Avenidas promisorias y callejones sin salida

Rosa María Torres



El libro Impro­ving primary education in developing countries - Mejorar la educación primaria en los países en desarrollo - de Marlaine Lockheed y Adriaan Verspoor (Oxford University Press, Washington D.C., 1991), publicado por el Banco Mundial, fue uno de los libros de política educativa más difundidos en la década de 1990. Llegó a ser una suerte de biblia, de libro de cabecera de ministros y asesores en los "países en desarrollo". La inconfundible tapa azul podía encontrarse en escritorios y anaqueles de ministerios de educación en todo el mundo. De hecho, ese libro resumió y de él salieron muchas de las políticas que orientaron las reformas escolares asesoradas por el Banco Mundial (y condicionadas por sus préstamos) en esa década .... y después.
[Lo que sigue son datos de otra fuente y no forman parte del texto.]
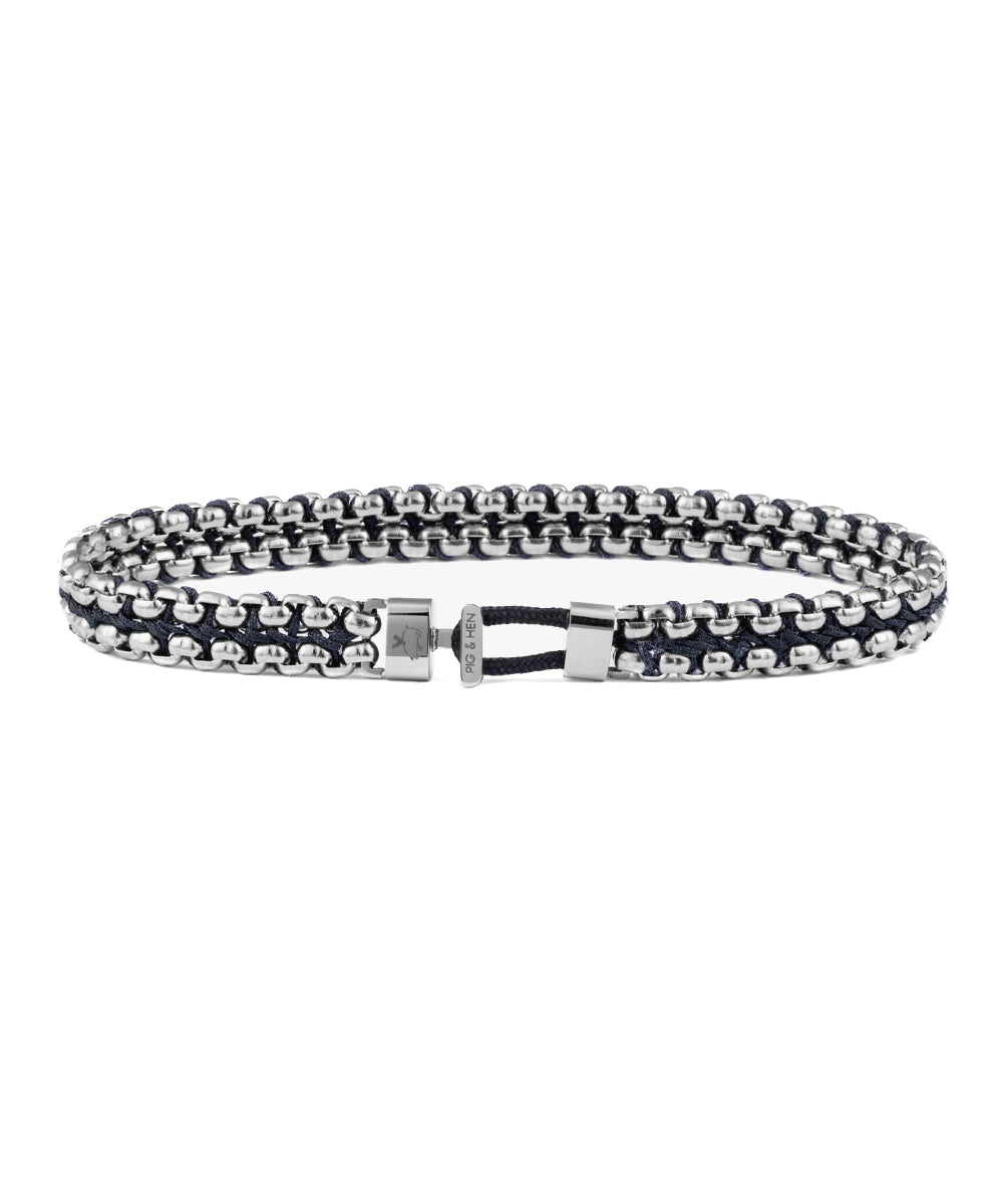 CATENA VENETIAN 7mm≪カテナ ベネチアン 7mm≫はカテナ ベネチアンの7mm幅で丸みを帯びたステンレス製のボックス型チェーンに細いロープを掛け合わせたチェーンブレスレットです。優雅で存在感あるデザインが手元を演出します。商品は木箱に入れてお届けします。

Y es que el libro tiene el atractivo de ser un recetario, un voluminoso y detallado recetario sobre "cómo mejorar la educación primaria" - la gran mimada del Banco, hasta el día de hoy - en todos los aspectos imaginables y para cualquier circunstancia. Tiene asimismo el atractivo de organizar las opciones en dos bandos, "qué funciona" y "qué no funciona" en general, sin necesidad de ubicar culturas y contextos específicos, sin necesidad de investigar o debatir, como si todos los "países en desarrollo" fuesen idénticos, como si la investigación educativa tuviese ya respuestas válidas para todo y para todos.

El esquema binario Avenidas promisorias (qué hacer) y Callejones sin salida (qué no hacer) utilizado en el libro se volvió muy popular. Pego abajo la tabla de dos columnas que organicé para incluirla en un pequeño libro que escribí con José Luis Coraggio (La educación según el Banco Mundial,
Un análisis de sus propuestas y métodos, Miño y Dávila /CEM, Buenos Aires, 1997). Me topé con la tabla hace poco y me pareció interesante repasar - más de dos décadas después - qué es lo que aconsejaba el Banco Mundial para mejorar la educación primaria en los 1990s (década de auge de los libros de texto y la capacitación en servicio, en ausencia todavía de la computadora).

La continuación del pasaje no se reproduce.